M Train by Patti Smith
We’ve read Smith’s memoir “Just Kids” somewhere around a hundred times, so you can imagine how eager we were to devour her newest, which reads just as quickly and is just as moving as its predecessor, if not more so. The melancholy that pervades Smith’s writing is in full-effect here, and the book seems to subconsciously center around loss. Still, it’s mainly about life, a life that, as lived by Patti Smith, is well worth writing about.

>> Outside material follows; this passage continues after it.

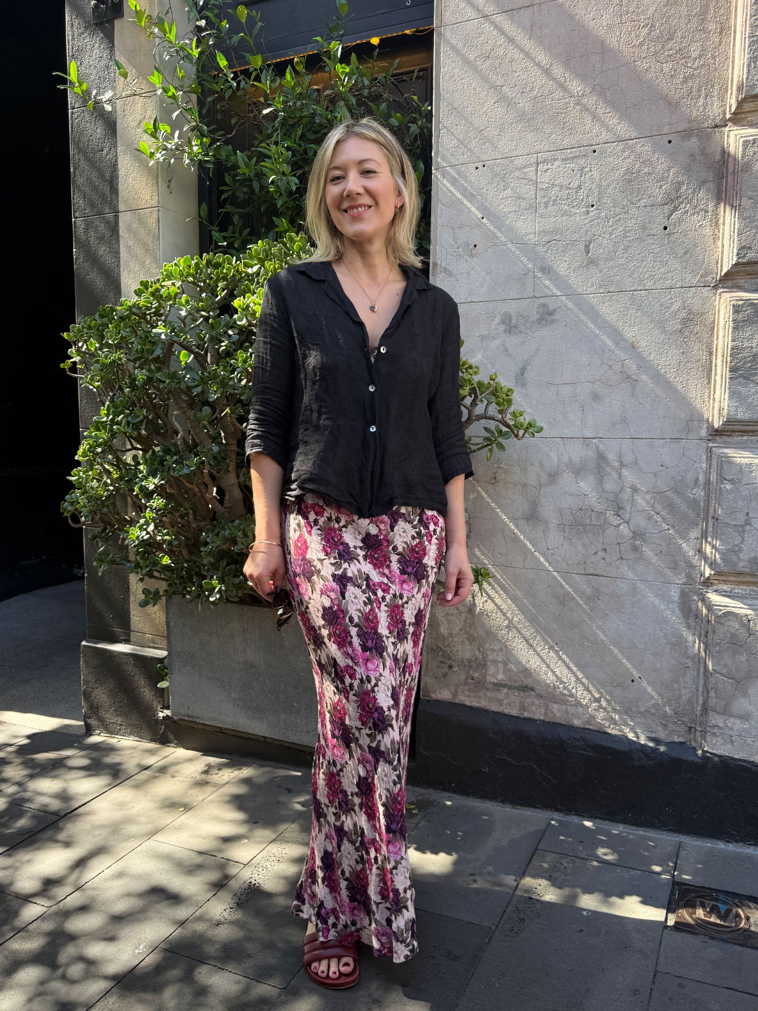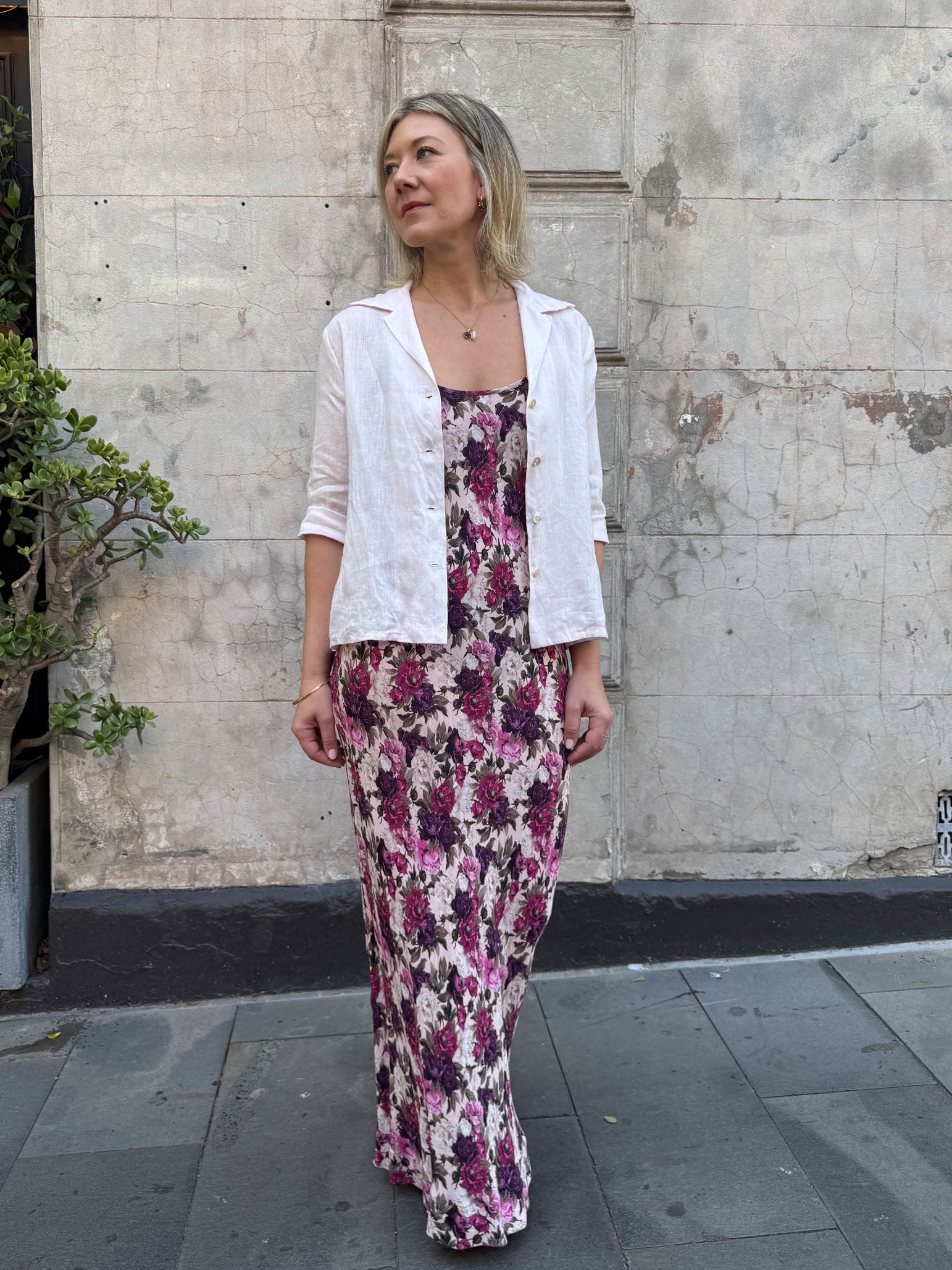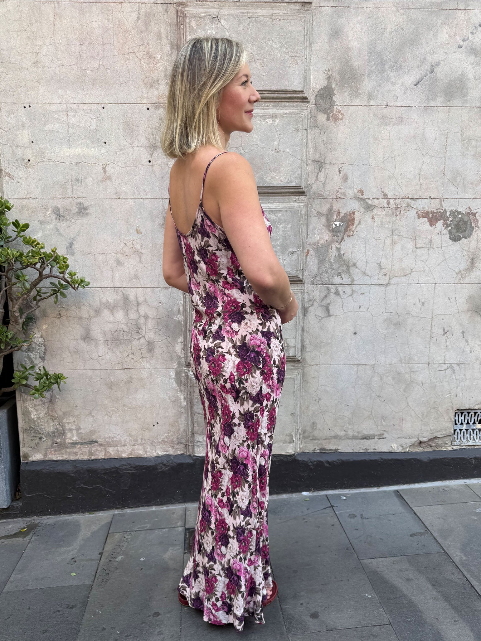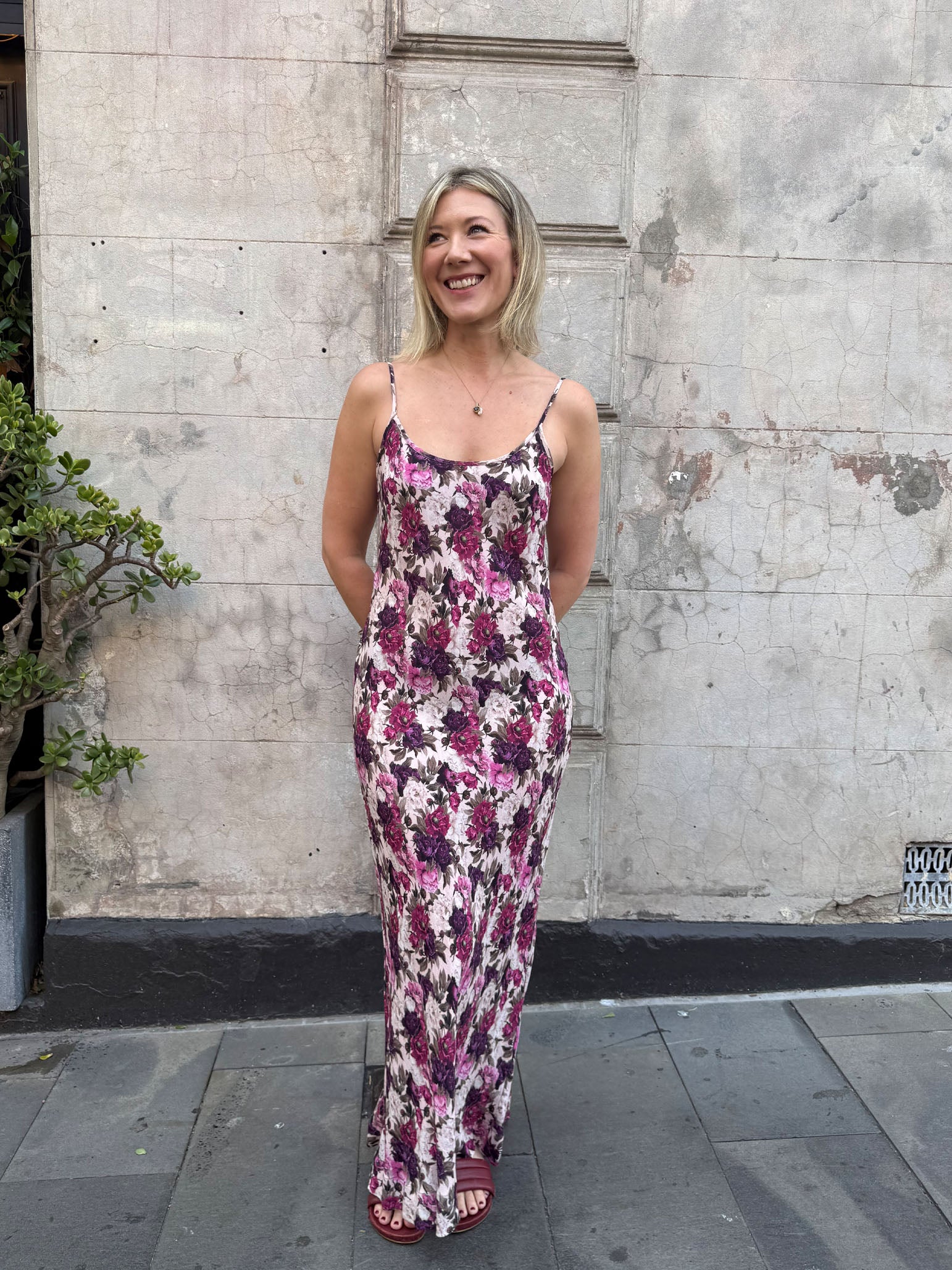 Jiva Crepe Shoestring Slip Dress - Winter Peony Print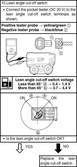 S tímhle čidlem jsou spojené dvě chybové hlášky, první číslo 30 říká, že bylo detekováno spadnutí motorky (náklon větší než 65° a je potřeba otočit klíčkem do polohy OFF a poté už jde opět nastartovat) a druhá chyba 41 znamená, že obvod pro toto čidlo je buďto rozpojen, nebo zkratován.

Animals by Emma Jane Unsworth
If you find yourself feeling badly rather regularly about your seeming inability to ‘grow up’ and conform to the lives everyone else your age seem to be leading, this is the book for you. Unsworth paints an unapologetic portrait of two best friends in their late twenties and early thirties trying to transition from one phase of life to the next, even though they’re not entirely sure they want to do so.
The Clasp by Sloane Crosley
Crosley’s first work of fiction keeps with the theme of late mid-life crises by following three friends as they prepare to exit their twenties. There is just as much humor and wit to the novel as we’ve come to expect from Crosley - whose essay collection “I Was Told There’d Be Cake” at times had us rolling - but there’s also an air of sadness to the work which, we suppose, is natural given how hard it can be to grow up and let go.
Hunger Makes Me a Modern Girl by Carrie Brownstein
This one isn’t even out yet, but we may as well have an advent calendar counting down the days to its October 27 release, as we’re that excited to read it. The memoir, by Sleater-Kinney guitarist and “Portlandia” star Carrie Brownstein, centers mainly around the Pacific Northwest music scene of the ‘90s, which is to say that it’s an insider’s look at an epic era we’re just shy of obsessed with. Lines like, “We didn’t want to be associated with a brand. Mostly, we didn’t want to be a brand,” are bound to make us nostalgic for a more pure, raw, and Instagram-free existence. We can’t wait.
I’ll Never Write My Memoirs by Grace Jones
Superstar model Grace Jones really has us with lines like, “I never ask for anything in a relationship… because I have this sugar daddy I have created for myself: me.” If that statement alone isn’t enough to make you read her memoir, perhaps the promise of much cathartic badmouthing of her famous ex-lover / internet-breaking Kardashian-photographer, Jean-Paul Goude, will be.
The Witches, Salem 1962 by Stacy Schiff
Pulitzer Prize winner Stacy Schiff is one of the best biographers out there, and her non-fiction treatment of the Salem witch trials is truly gripping. The detailed re-telling of how the imaginings of two children led to the executions of 20 adults proves that reality truly is stranger than fiction.